According to the tour organizers, including Tom Edmonds, the director of the museum, and Melody Tierney, a committee member, they often vet 15 to 20 houses to arrive at the 6 in the tour. They look for important structures as well as restorations that are special or creative and that honor the building’s history. Modern buildings with graceful or interesting designs are also considered.
“It doesn’t have to be historic,” Ms. Tierney said. Still, the museum likes to encourage historic preservation whenever possible.
Included on the tour is Five Chimneys, a house on Hill Street with a decidedly East Hampton feel, a good transition into the alien terrain. The house had its start in 1795 as a one-room farmhouse with a dirt-floor kitchen and fireplace in the basement. It was built by E.T. Howell, a descendant of one of the founding families of Southampton. The house was part of a large farm north of Hill Street. The farm’s outbuildings are now additional private residences.
The house was expanded and updated to a Greek Revival style around 1820 to 1840. Then, Aymar Embury, who designed Guild Hall and the East Hampton Library, expanded it again in 1911 for Marshall Fry, an artist and ceramicist who taught at William Merritt Chase’s Shinnecock Summer School of Art. He called the house Wayside.

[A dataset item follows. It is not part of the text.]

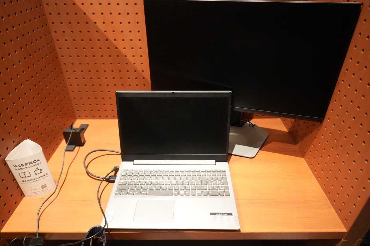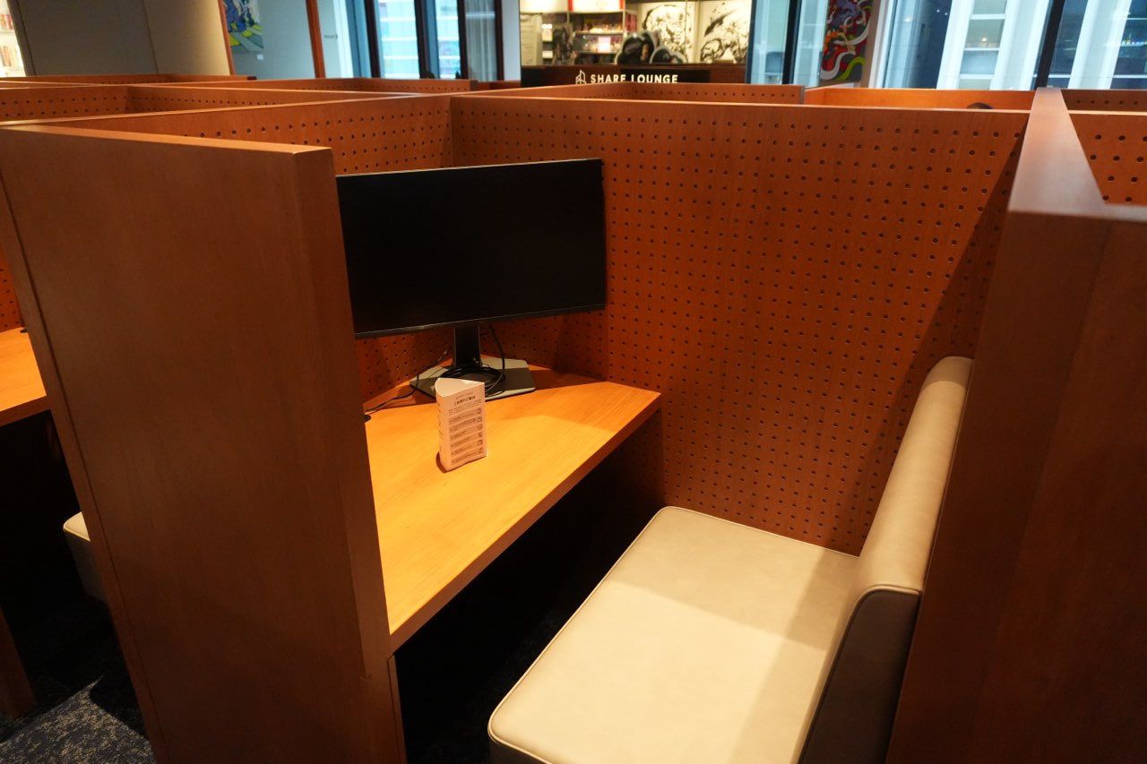 シェアラウンジの一部席には、作業効率が格段に上がるモニターが設置されておりW(ダブル)モニターで作業ができます。
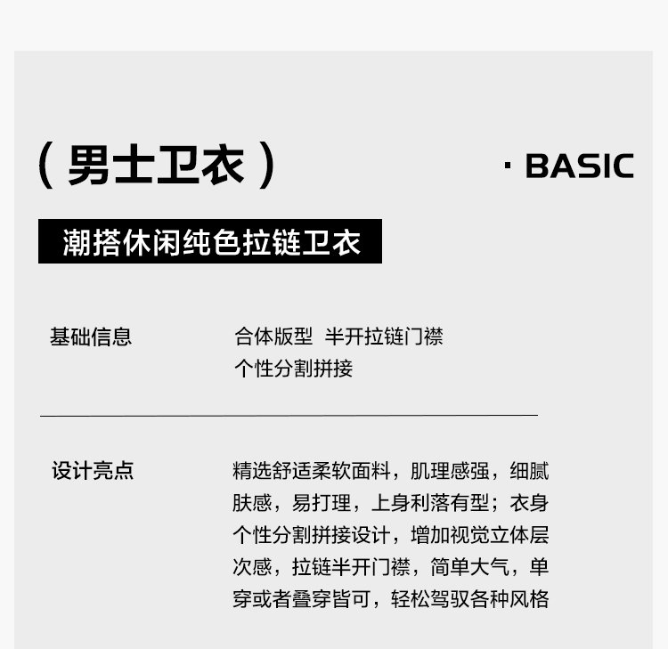 gxgjeans 男装25春款设计感拉链半开襟卫衣纯色休闲百搭套头男士打底衫上衣K&C

Among the interior changes Embury initiated to agree with a model of country living he was developing at the time were removing the center hall staircase and paneling the entrance hall, dining room, and living room to tie all three rooms together. Four staff rooms downstairs are now two bedrooms. A detached “summer kitchen” was built and connected to the main house through a breezeway. This area is now the great room.
In later years, the house served as the summer residence of Al Smith, who was the governor of New York at the time. It was also owned by Southampton College at one point and served as the college president’s house. The current owners have had the house since 1987 and have undertaken several preservation projects in that time. They continue to call it Five Chimneys.
Other stops on the tour include a house on Mill Pond with post-and-beam construction of its original core and a later 19th-century addition with wide plank floors, carved moldings, and many fireplaces. Elsewhere, a beachfront residence constructed in about 1910 has been in several films, desired for its classic shingled look as well as its amenities.
An 1807 house can boast of visitors such as Daniel Webster and James Fennimore Cooper. Before it was moved to its current location it served as the post office for a time on Main Street as well as an inn and tavern. A later house designed by Jaquelin T. Robertson, an architect with a house in East Hampton, provides an education on color with an unusual exterior paint choice and lively uses of color inside.
The tour concludes with a champagne reception and preview of Chris Murray’s show “Paintings of New York.” Tickets cost $75 in advance through the museum Web site, southamptonhistoricalmuseum.org, or $90 on the day of the tour at the Thomas Halsey Homestead from 10 a.m. to 2 p.m.